IMU-Based quantitative assessment of stroke from gait.

Gait impairment, which is commonly observed in stroke survivors, underscores the imperative of rehabilitating walking function. Wearable inertial measurement units (IMUs) can capture gait parameters in stroke patients, becoming a promising tool for objective and quantifiable gait assessment. Optimal sensor placement for stroke assessment that involves optimal combinations of features (kinematics) is required to improve stroke assessment accuracy while reducing the number of sensors to achieve a convenient IMU scheme for both clinical and home assessment; however, previous studies lack comprehensive discussions on the optimal sensor placement and features. To obtain an optimal sensor placement for stroke assessment, this study investigated the impact of IMU placement on stroke assessment based on gait data and clinical scores of 16 stroke patients. Stepwise regression was performed to select the kinematics most correlated with stroke assessment (lower limb part of Fugl-Meyer assessment). Sensors at different locations were combined into 28 sensor groups and their stroke assessment was compared. First, the reduced number of gait features does not significantly impact the stroke assessment.
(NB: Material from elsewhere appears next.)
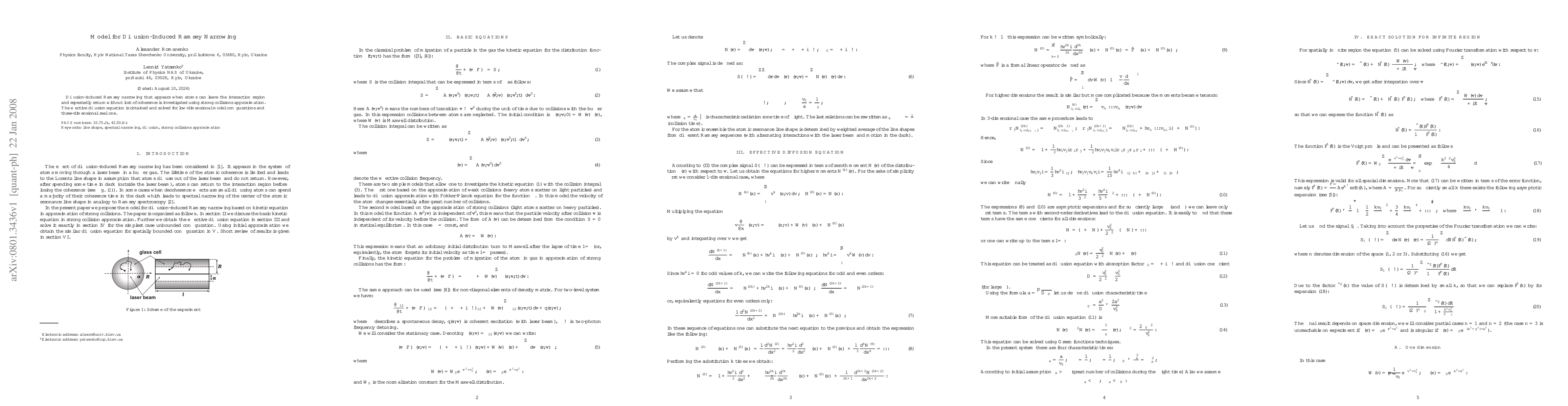 Diffusion-induced Ramsey narrowing that appears when atoms can leave the interaction region and repeatedly return without lost of coherence is investigated using strong collisions approximation. The effective diffusion equation is obtained and solved for low-dimensional model configurations and three-dimensional real one.

Second, the selected gait parameters by stepwise regression are found all from sensors at the hip and bilateral thighs. Last, a three-sensor scheme-sensors at the hip and bilateral thighs was suggested, which achieved a high accuracy with an adjusted R = 0.999, MAE = 0.07, and RMSE = 0.08. Further, the prediction error is zero if the predicted lower limb Fugl-Meyer scales are rounded to the nearest integer. These findings offer a convenient IMU solution for quantitatively assessing stroke patients. Therefore, the IMU-based stroke assessment provides a promising complementary tool for clinical assessment and home rehabilitation of stroke patients.